---------- Materials provided

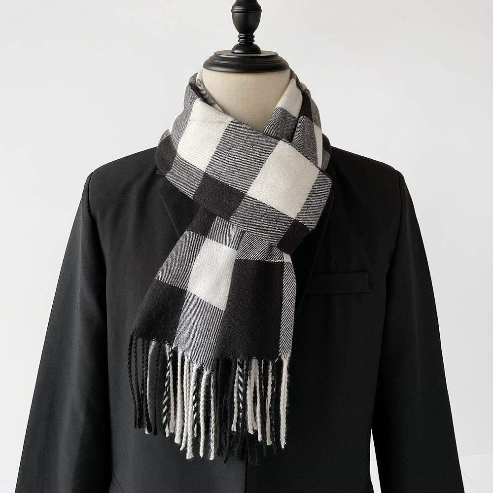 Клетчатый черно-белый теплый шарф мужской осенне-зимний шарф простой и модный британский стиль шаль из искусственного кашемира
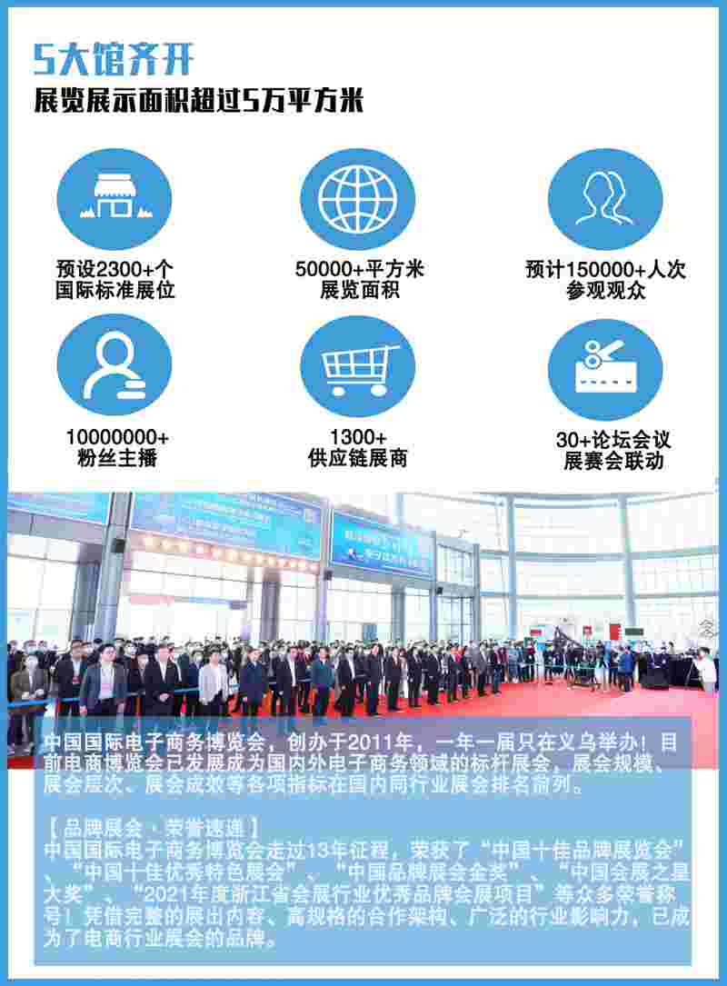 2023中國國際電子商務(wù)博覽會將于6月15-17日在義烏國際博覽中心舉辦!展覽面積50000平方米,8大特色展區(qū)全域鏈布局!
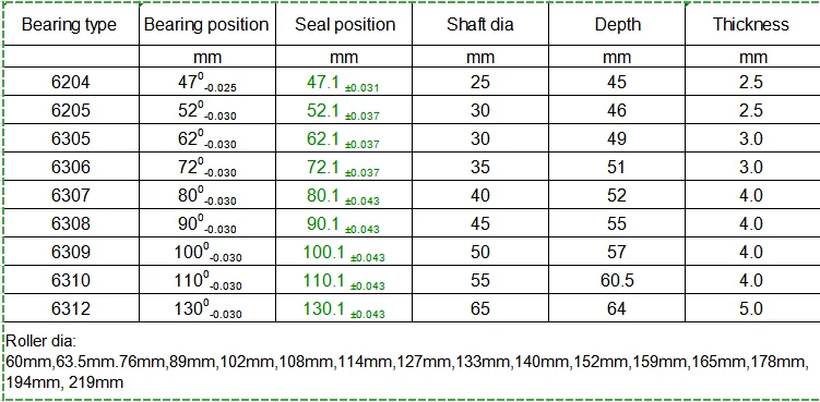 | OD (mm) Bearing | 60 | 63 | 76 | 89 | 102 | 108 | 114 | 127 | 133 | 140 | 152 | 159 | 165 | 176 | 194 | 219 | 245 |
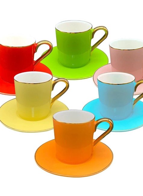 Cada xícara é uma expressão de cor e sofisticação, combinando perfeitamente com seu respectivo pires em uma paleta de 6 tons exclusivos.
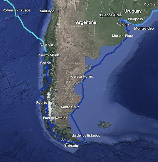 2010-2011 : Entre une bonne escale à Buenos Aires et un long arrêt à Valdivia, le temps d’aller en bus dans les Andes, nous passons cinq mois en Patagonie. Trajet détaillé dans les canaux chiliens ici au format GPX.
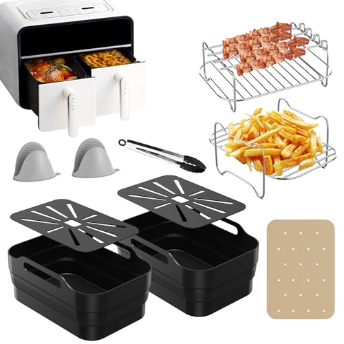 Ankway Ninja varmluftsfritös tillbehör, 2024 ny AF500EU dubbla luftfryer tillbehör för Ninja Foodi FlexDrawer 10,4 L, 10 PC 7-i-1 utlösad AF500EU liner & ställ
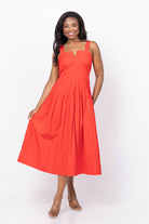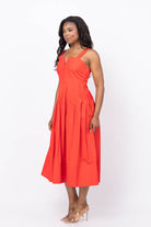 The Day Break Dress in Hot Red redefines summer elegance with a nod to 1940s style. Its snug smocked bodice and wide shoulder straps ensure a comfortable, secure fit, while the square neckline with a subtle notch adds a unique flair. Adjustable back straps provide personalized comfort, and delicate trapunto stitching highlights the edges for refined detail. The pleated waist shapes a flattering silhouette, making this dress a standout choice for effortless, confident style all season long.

--------------------

◆ **Work to complete**: Extract, word for word, each line from the one that contains "Cada xícara é" through the final line of the data above. Leave the pictures out.

◆ **Output below**:
 Cada xícara é uma expressão de cor e sofisticação, combinando perfeitamente com seu respectivo pires em uma paleta de 6 tons exclusivos.
 2010-2011 : Entre une bonne escale à Buenos Aires et un long arrêt à Valdivia, le temps d’aller en bus dans les Andes, nous passons cinq mois en Patagonie. Trajet détaillé dans les canaux chiliens ici au format GPX.
 Ankway Ninja varmluftsfritös tillbehör, 2024 ny AF500EU dubbla luftfryer tillbehör för Ninja Foodi FlexDrawer 10,4 L, 10 PC 7-i-1 utlösad AF500EU liner & ställ
 The Day Break Dress in Hot Red redefines summer elegance with a nod to 1940s style. Its snug smocked bodice and wide shoulder straps ensure a comfortable, secure fit, while the square neckline with a subtle notch adds a unique flair. Adjustable back straps provide personalized comfort, and delicate trapunto stitching highlights the edges for refined detail. The pleated waist shapes a flattering silhouette, making this dress a standout choice for effortless, confident style all season long.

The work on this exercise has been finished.